Image caption Most of the papers lead on the announcement by the chancellor, Rishi Sunak, that the government’s job retention scheme will be extended until the end of October. The Financial Times reports that the cost of the initiative – where employees on leave receive 80% of their monthly wages up to £2,500 – could…
There’s a mixed reaction to yesterday’s announcement that the chancellor will extend his job retention scheme by four months.
The Daily Mirror thinks Rishi Sunak deserves credit for the move, describing it as a “rare success” in the government’s response to coronavirus, while “Sigh of relief for millions” is how the Daily Express describes the move.
But the Daily Mail is more wary. “At such a critical time”, it says in its editorial, “this is a humane and understandable policy, but it comes at an eye-watering price”.
The Financial Times says Mr Sunak has been grappling with “extremely difficult” scenarios and faced triggering a “huge wave” of redundancies if he tried to wean companies off the scheme at the end of next month.
“But having decided to extend it”, the paper argues, “this could simply postpone the demise of zombie businesses”.
As the Daily Telegraph points out, Whitehall officials are frantically trying to work out how he will pay for it.
The paper has seen a confidential assessment which estimates that the coronavirus crisis could cost the Treasury almost £300bn this year.
The document sets out how the Exchequer could recoup some of the money through income tax rises, the end of the triple-lock on state pension increases and a two-year pay freeze for public sector workers.
A Treasury source tells the paper that the assessment merely lays out the possible options, rather than recommending a particular course of action.
A study in the Guardian recommends that eight million people with underlying health problems should be exempt from plans to restart the economy.

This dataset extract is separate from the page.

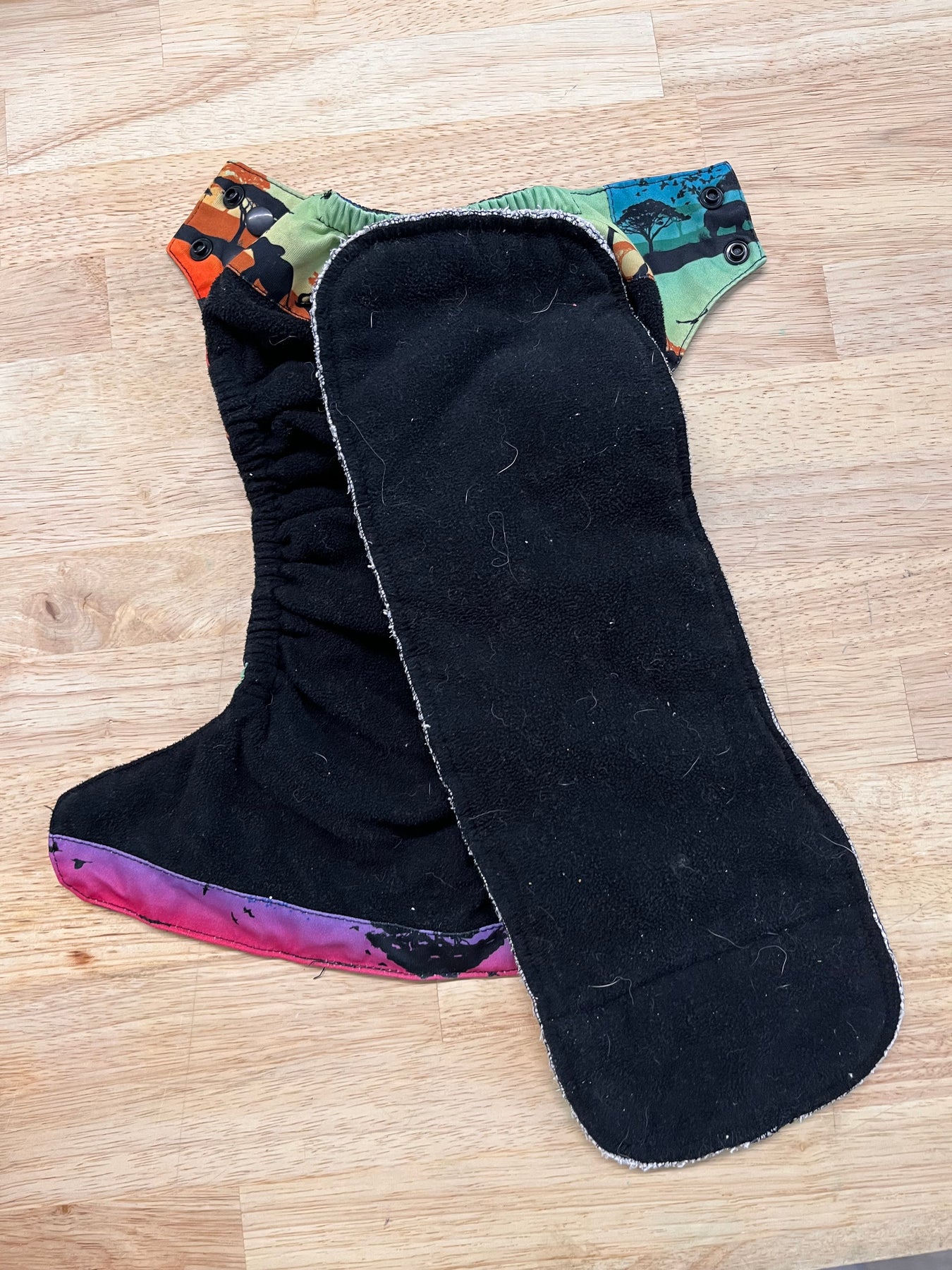 Nicki’s Diapers All-in-Two with microfiber insert. Safari print. Fair used condition.

According to researchers at University College London, around 20% of the population are living with common conditions such as diabetes and obesity, but because many of them are not classified as “clinically extremely vulnerable”, they haven’t been told to shield for 12 weeks at home.

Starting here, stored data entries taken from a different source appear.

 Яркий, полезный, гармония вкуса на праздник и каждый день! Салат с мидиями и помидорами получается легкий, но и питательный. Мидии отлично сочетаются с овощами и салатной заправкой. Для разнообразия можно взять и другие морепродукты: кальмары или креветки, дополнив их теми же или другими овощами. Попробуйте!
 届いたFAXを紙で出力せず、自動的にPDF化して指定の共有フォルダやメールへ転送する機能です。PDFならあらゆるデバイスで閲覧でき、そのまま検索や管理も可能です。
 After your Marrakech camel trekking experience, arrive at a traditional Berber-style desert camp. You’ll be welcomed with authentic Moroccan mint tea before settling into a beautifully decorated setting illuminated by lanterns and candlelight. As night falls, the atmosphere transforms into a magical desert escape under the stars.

Surprise at housing market reopening
There’s surprise from estate agents following the decision to re-open the housing market in England.
The head of the industry trade body, Mark Hayward, tells the Times he expected it to happen next month at the earliest, despite pressure from customers eager to move home.
The Financial Times says it’s also unclear how many viewings can be held in a single day if agents are supposed to meet only one person from outside their household.
“It is really confusing”, says the boss of the lettings regulator, David Cox. “Is it one other person at 9am, one other person at 10am or one person ever?”
And several papers feature a retired GP from Glasgow, who narrowly missed out on becoming the first person in 14 years to win the top prize on ITV’s “Who Wants to Be A Millionaire?”
The Daily Mirror says fans of the quiz were left “gutted” last night when Andrew Townsley decided not to play the £1m question on iconic motor races, even though he knew the right answer.
Mr Townsley, who has progressive multiple sclerosis and appeared on the show in a wheelchair, tells the Sun he was “quite happy” to walk away with £500,000, and is glad to have a “bit of a financial cushion in this unsettled world”.